> _EXERCISE AIM_:
Transcribe the entries below exactly; leave every image out.

*** RECORD EXCERPTS Section Begins ***

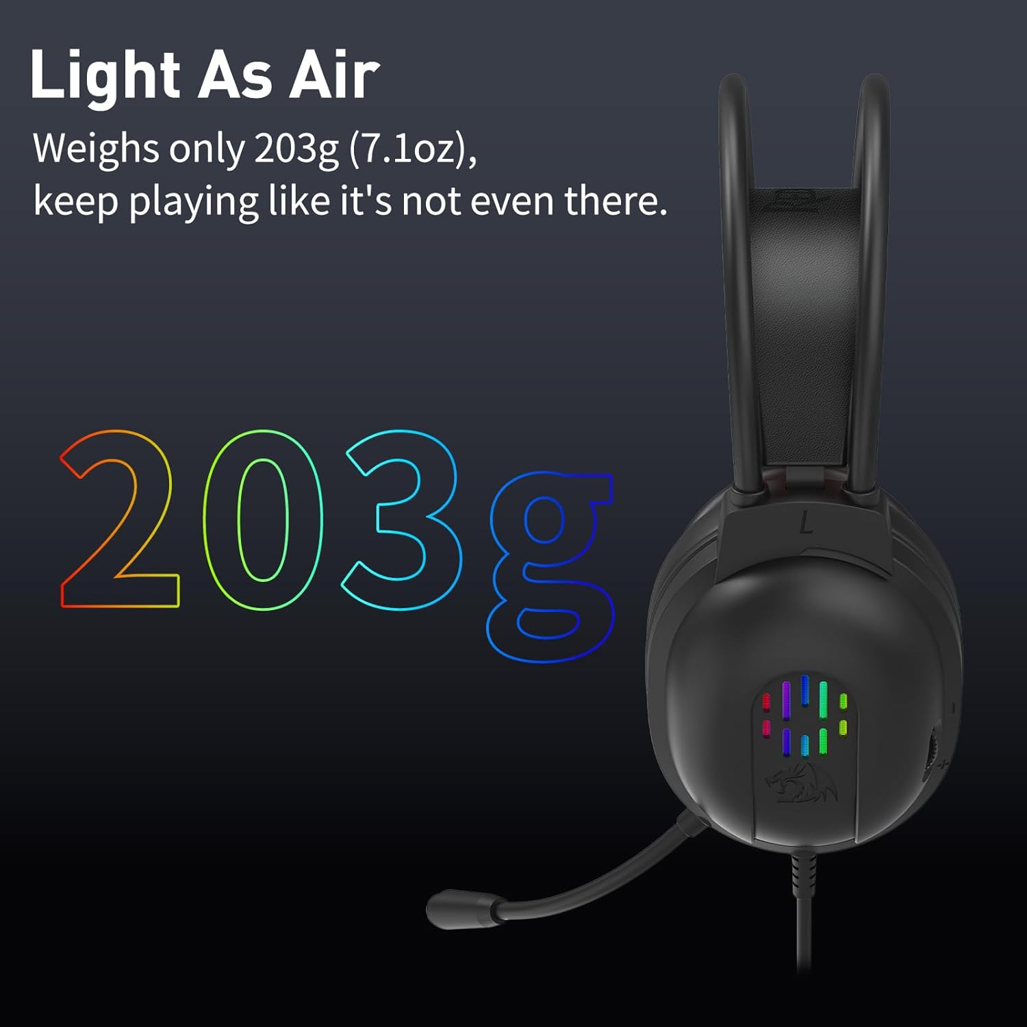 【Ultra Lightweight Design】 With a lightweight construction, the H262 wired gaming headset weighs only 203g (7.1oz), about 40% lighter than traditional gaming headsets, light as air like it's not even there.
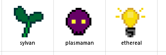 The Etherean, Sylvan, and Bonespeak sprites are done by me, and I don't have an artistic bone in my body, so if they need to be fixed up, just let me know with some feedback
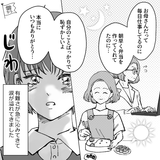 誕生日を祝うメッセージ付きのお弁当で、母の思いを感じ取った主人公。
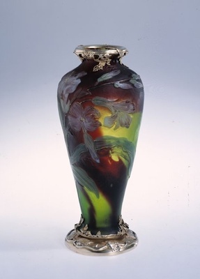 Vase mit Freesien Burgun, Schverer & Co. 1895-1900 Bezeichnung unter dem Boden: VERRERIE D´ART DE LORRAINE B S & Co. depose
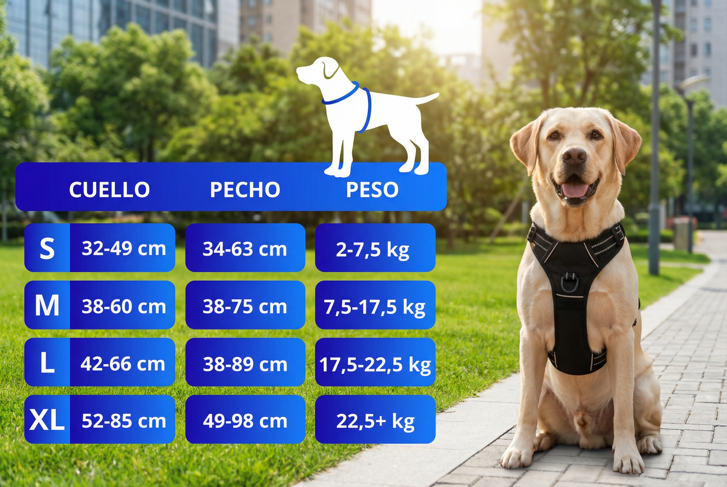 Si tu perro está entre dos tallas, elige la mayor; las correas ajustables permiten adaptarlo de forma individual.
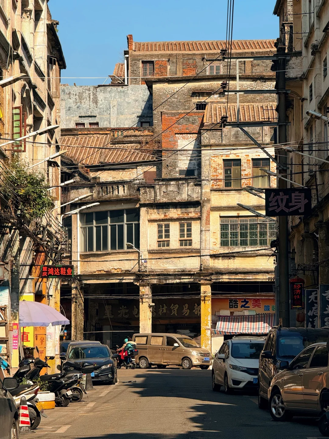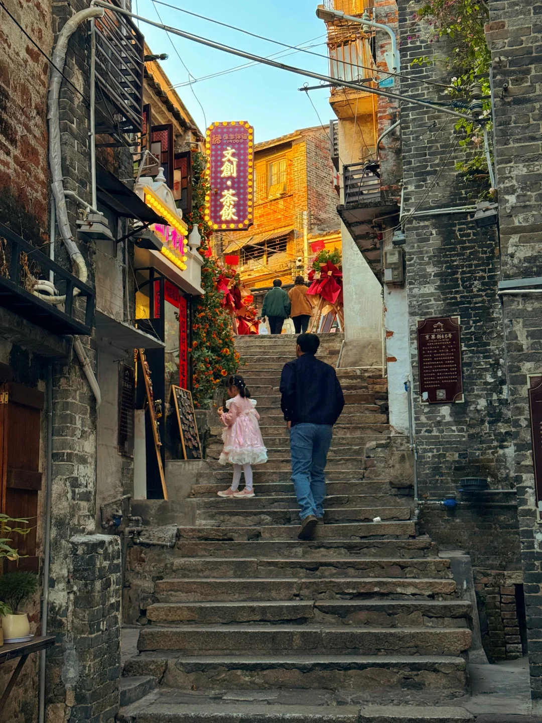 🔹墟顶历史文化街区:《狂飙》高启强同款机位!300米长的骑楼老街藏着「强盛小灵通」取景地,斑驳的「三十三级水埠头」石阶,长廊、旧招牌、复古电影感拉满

*** RECORD EXCERPTS Section Ends ***

> _ANSWER SPACE_:
 【Ultra Lightweight Design】 With a lightweight construction, the H262 wired gaming headset weighs only 203g (7.1oz), about 40% lighter than traditional gaming headsets, light as air like it's not even there.
 The Etherean, Sylvan, and Bonespeak sprites are done by me, and I don't have an artistic bone in my body, so if they need to be fixed up, just let me know with some feedback
 誕生日を祝うメッセージ付きのお弁当で、母の思いを感じ取った主人公。
 Vase mit Freesien Burgun, Schverer & Co. 1895-1900 Bezeichnung unter dem Boden: VERRERIE D´ART DE LORRAINE B S & Co. depose
 Si tu perro está entre dos tallas, elige la mayor; las correas ajustables permiten adaptarlo de forma individual.
 🔹墟顶历史文化街区:《狂飙》高启强同款机位!300米长的骑楼老街藏着「强盛小灵通」取景地,斑驳的「三十三级水埠头」石阶,长廊、旧招牌、复古电影感拉满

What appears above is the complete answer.